:: WORKING DATA

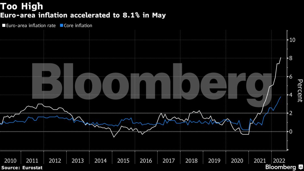 Προηγούμενες παρατηρήσεις της προέδρου της ΕΚΤ, Κριστίν Λαγκάρντ, έδειχναν επικείμενο τέλος στις αγορές ομολόγων, ακολουθούμενες από αυξήσεις των επιτοκίων κατά τρίμηνο, τον Ιούλιο και τον Σεπτέμβριο.
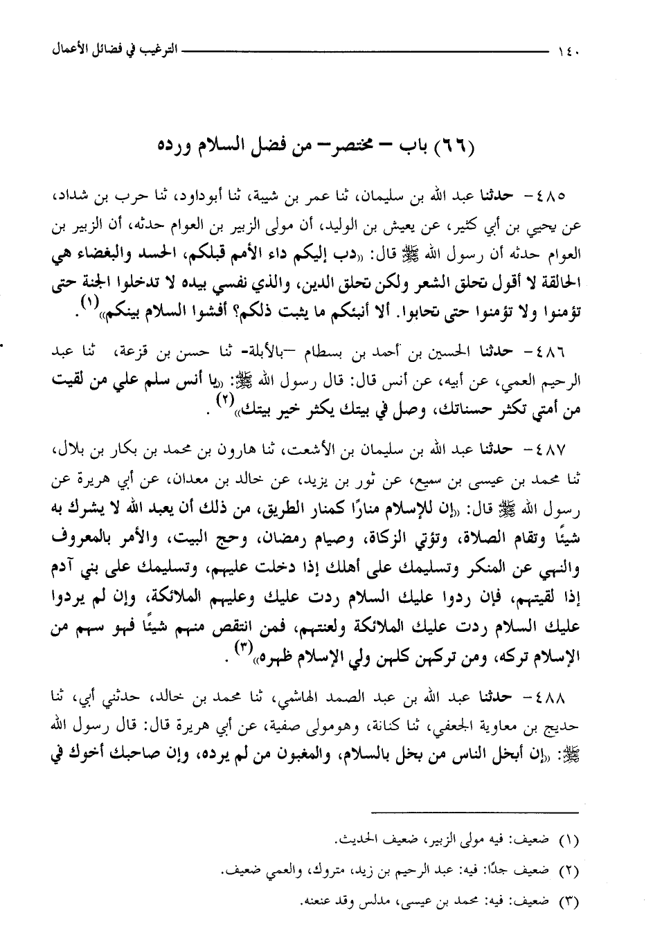 487 - حَدَّثَنَا عَبْدُ اللَّهِ بْنُ سُلَيْمَانَ بْنِ الْأَشْعَثِ، ثنا هَارُونُ بْنُ مُحَمَّدِ بْنِ بَكَّارِ بْنِ بِلَالٍ، ثنا مُحَمَّدُ بْنُ عِيسَى بْنِ سُمَيْعٍ، عَنْ ثَوْرِ بْنِ يَزِيدَ، عَنْ خَالِدِ بْنِ مَعْدَانَ، عَنْ أَبِي هُرَيْرَةَ، عَنْ رَسُولِ اللَّهِ صَلَّى اللَّهُ عَلَيْهِ وَسَلَّمَ قَالَ: «إِنَّ §لِلْإِسْلَامِ مَنَارًا كَمَنَارِ الطَّرِيقِ، مِنْ ذَلِكَ أَنْ يُعْبَدَ اللَّهُ لَا يُشْرَكُ بِهِ شَيْئًا، وَتُقَامَ الصَّلَاةَ، وَتُوْتَى الزَّكَاةُ، وَصِيَامُ رَمَضَانَ، وَحَجُّ الْبَيْتِ، وَالْأَمْرُ بِالْمَعْرُوفِ وَالنَّهْيُ عَنِ الْمُنْكَرِ، وَتَسْلِيمُكَ عَلَى أَهْلِكَ إِذَا دَخَلْتَ عَلَيْهِمْ، وَتَسْلِيمُكَ عَلَى بَنِي آدَمَ إِذَا لَقِيتَهُمْ، فَإِنْ رَدُّوا عَلَيْكَ السَّلَامَ رَدَّتْ عَلَيْكَ وَعَلَيْهِمُ الْمَلَائِكَةُ، وَإِنْ لَمْ يَرُدُّوا عَلَيْكَ السَّلَامَ رَدَّتْ عَلَيْكَ الْمَلَائِكَةُ وَلَعَنَتْهُمْ، فَمَنِ انْتَقَصَ مِنْهُمْ شَيْئًا فَهُوَ سَهْمٌ مِنَ الْإِسْلَامِ تَرَكَهُ، وَمَنْ تَرَكَهُنَّ كُلَّهُنَّ وَلَّى الْإِسْلَامَ ظَهْرَهُ»
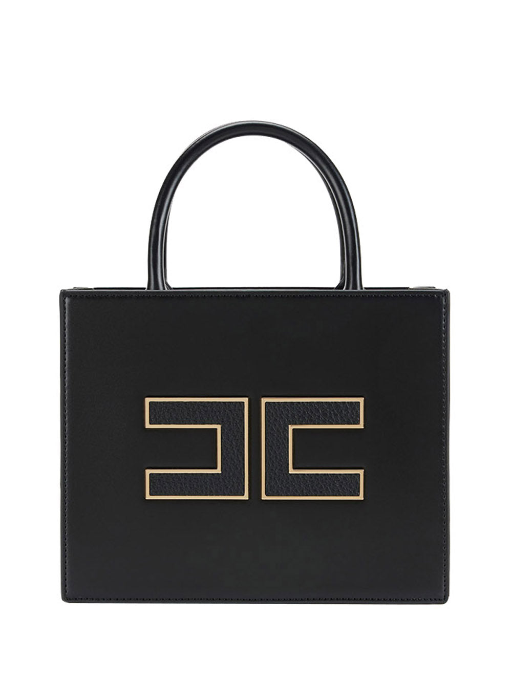 La borsa a mano Elisabetta Franchi con logo dorato in nero è una piccola tote realizzata in materiale sintetico effetto pelle, dotata di doppio manico tubolare. Dal design compatto e essenziale, presenta un logo impreziosito da profili luminosi che conferiscono un tocco di eleganza. Con manici tubolari e dimensioni di 12,5 x 16 x 7,5 cm, la borsa è composta al 50% di poliuretano, al 40% di pelle sintetica e al 10% di altri materiali.
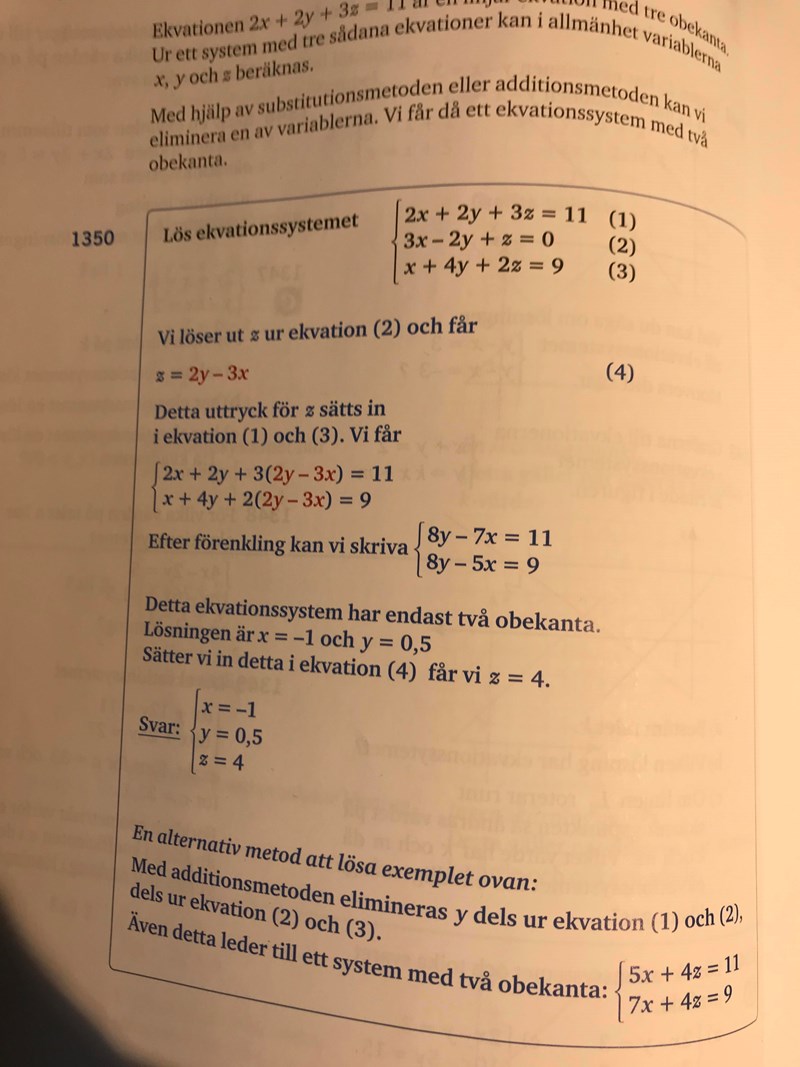 Jag förstår och kan göra lösningen som de gör i exemplet. Det är den alternativa metoden som jag inte kan utföra. Kan en av er här på forumet redovisa en sådan lösning för mig? Jag kan utföra beräkningen med två obekanta med additionsmetoden, men vet icke hur man gör en lösning med tre obekanta.
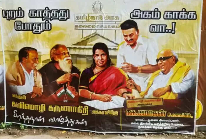 நாமக்கல் கிழக்கு மாவட்ட கலை இலக்கிய பகுத்தறிவு பேரவை மாவட்ட துணை அமைப்பாளர் கே. மோகன் சார்பில் அந்த போஸ்டர் ஒட்டப்பட்டுள்ளது. அந்த போஸ்டரில் பெரியார், அண்ணா, கலைஞர் , ஸ்டாலின் ஆகியோர் கனிமொழியை நாற்காலியில் அமர வைத்து பெருமிதம் கொள்கிறார்கள். கனிமொழி கையெழுத்து போட கலைஞர் பேனா எடுத்துக் கொடுக்கிறார். இதன் பின்னணியில் தலைமைச் செயலகம் உள்ளது.
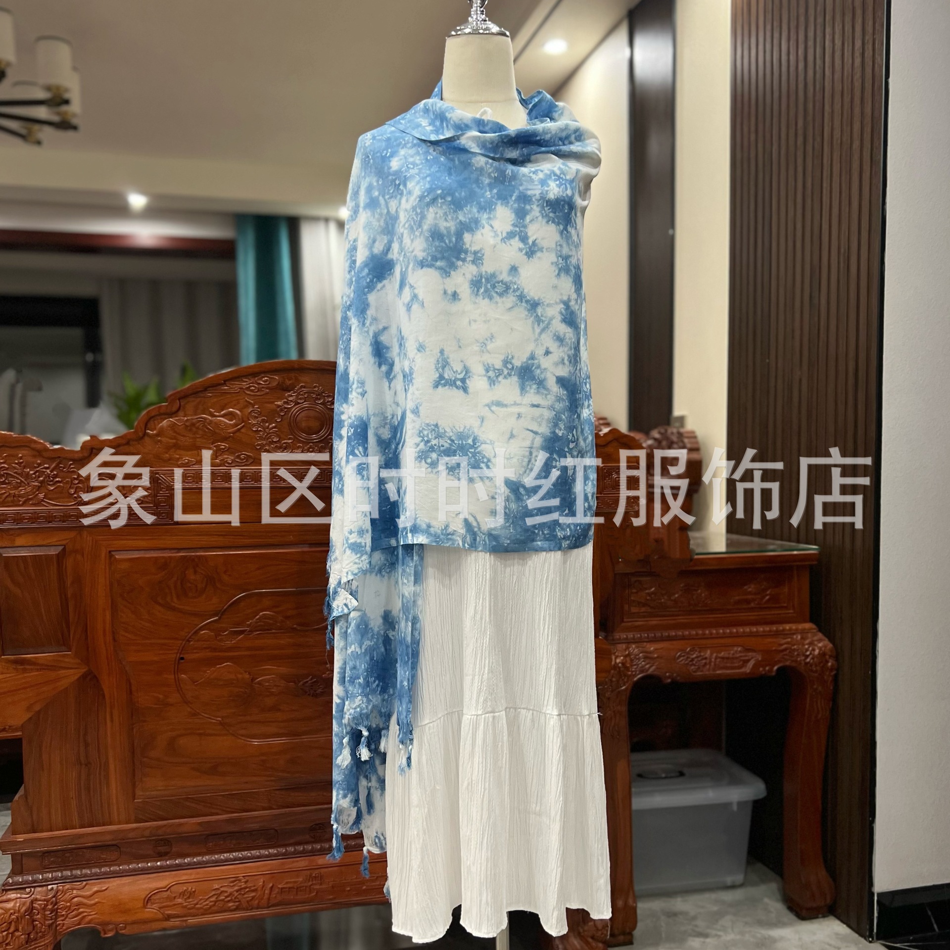 大理絞り染めスカーフ 2025 新雲南エスニックスタイル綿とリネン青染め絞り染めレトロ文学スカーフショール
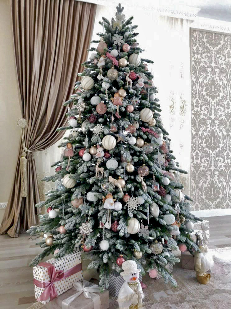 ЕЛЬ В СНЕГУ СО ВСТРОЕННЫМИ ЛАМПОЧКАМИ
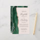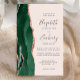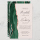 The left-hand edge of this elegant modern wedding invitation features an emerald green watercolor agate border trimmed with faux rose gold glitter. The customizable text combines charcoal gray handwriting, copperplate and italic fonts on a blush pink background. The reverse side features a matching emerald green and rose gold agate design.
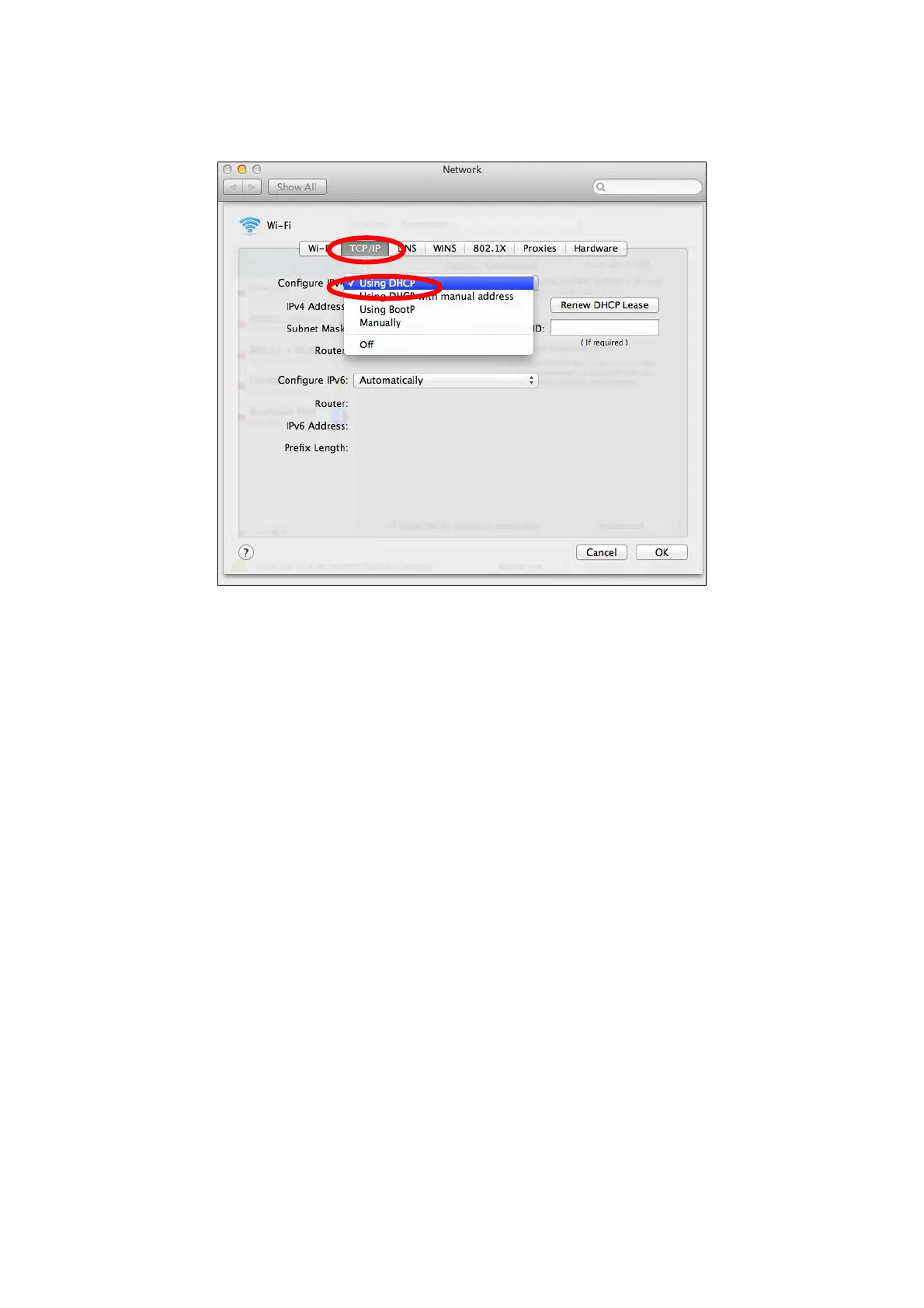 4. Select “TCP/IP” from the top menu and “Using DHCP” in the drop down
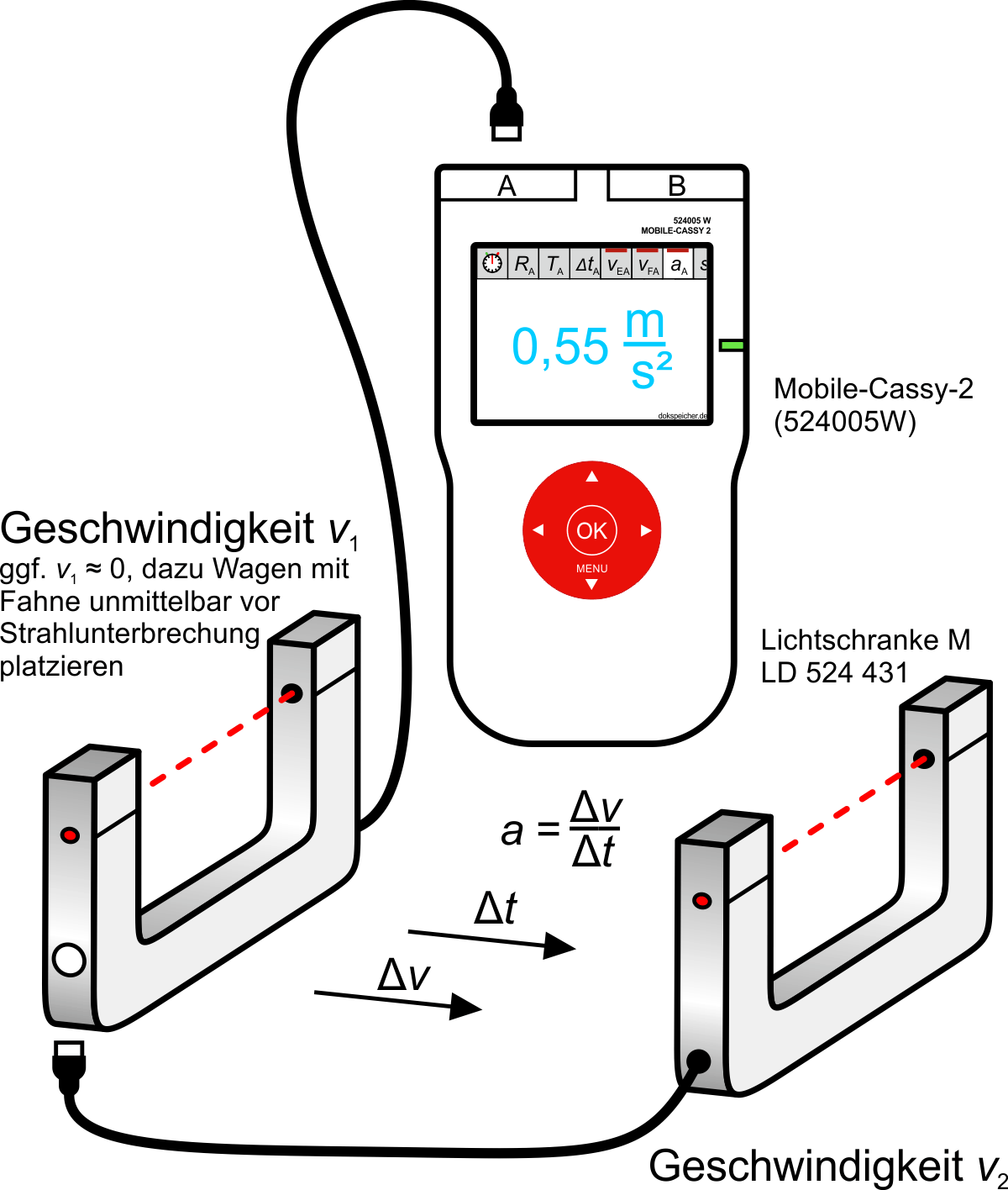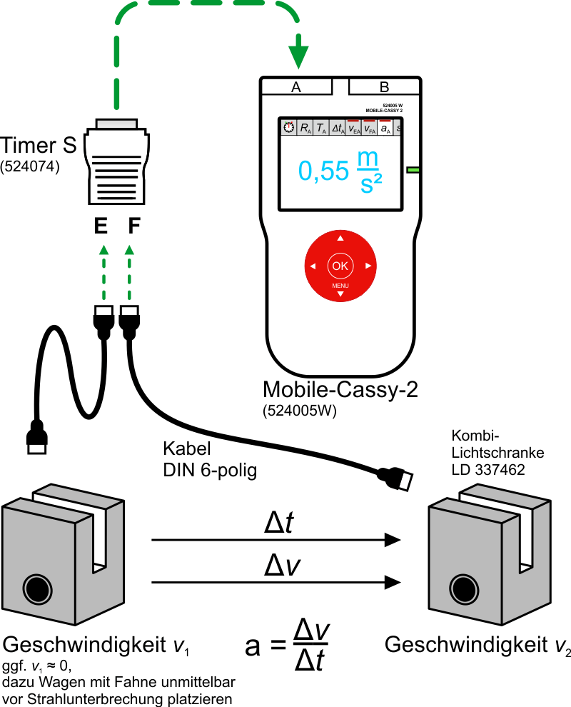 Messwagen kurz vor Unterbrechung des Strahls der ersten Lichtschranke platzieren. Nach dem Loslassen werden die Startgeschwindigkeit (ca. 0 m/s) und die Endgeschwindigkeit registiert und daraus die Durchschnittsbeschleunigung a berechnet.

::::

§ TASK REQUIREMENTS
Look above for the line with "487 - حَدَّثَنَا" and copy exactly from it through the line with "La borsa a mano", both included. Omit the pictures.

§ ANSWER
 487 - حَدَّثَنَا عَبْدُ اللَّهِ بْنُ سُلَيْمَانَ بْنِ الْأَشْعَثِ، ثنا هَارُونُ بْنُ مُحَمَّدِ بْنِ بَكَّارِ بْنِ بِلَالٍ، ثنا مُحَمَّدُ بْنُ عِيسَى بْنِ سُمَيْعٍ، عَنْ ثَوْرِ بْنِ يَزِيدَ، عَنْ خَالِدِ بْنِ مَعْدَانَ، عَنْ أَبِي هُرَيْرَةَ، عَنْ رَسُولِ اللَّهِ صَلَّى اللَّهُ عَلَيْهِ وَسَلَّمَ قَالَ: «إِنَّ §لِلْإِسْلَامِ مَنَارًا كَمَنَارِ الطَّرِيقِ، مِنْ ذَلِكَ أَنْ يُعْبَدَ اللَّهُ لَا يُشْرَكُ بِهِ شَيْئًا، وَتُقَامَ الصَّلَاةَ، وَتُوْتَى الزَّكَاةُ، وَصِيَامُ رَمَضَانَ، وَحَجُّ الْبَيْتِ، وَالْأَمْرُ بِالْمَعْرُوفِ وَالنَّهْيُ عَنِ الْمُنْكَرِ، وَتَسْلِيمُكَ عَلَى أَهْلِكَ إِذَا دَخَلْتَ عَلَيْهِمْ، وَتَسْلِيمُكَ عَلَى بَنِي آدَمَ إِذَا لَقِيتَهُمْ، فَإِنْ رَدُّوا عَلَيْكَ السَّلَامَ رَدَّتْ عَلَيْكَ وَعَلَيْهِمُ الْمَلَائِكَةُ، وَإِنْ لَمْ يَرُدُّوا عَلَيْكَ السَّلَامَ رَدَّتْ عَلَيْكَ الْمَلَائِكَةُ وَلَعَنَتْهُمْ، فَمَنِ انْتَقَصَ مِنْهُمْ شَيْئًا فَهُوَ سَهْمٌ مِنَ الْإِسْلَامِ تَرَكَهُ، وَمَنْ تَرَكَهُنَّ كُلَّهُنَّ وَلَّى الْإِسْلَامَ ظَهْرَهُ»
 La borsa a mano Elisabetta Franchi con logo dorato in nero è una piccola tote realizzata in materiale sintetico effetto pelle, dotata di doppio manico tubolare. Dal design compatto e essenziale, presenta un logo impreziosito da profili luminosi che conferiscono un tocco di eleganza. Con manici tubolari e dimensioni di 12,5 x 16 x 7,5 cm, la borsa è composta al 50% di poliuretano, al 40% di pelle sintetica e al 10% di altri materiali.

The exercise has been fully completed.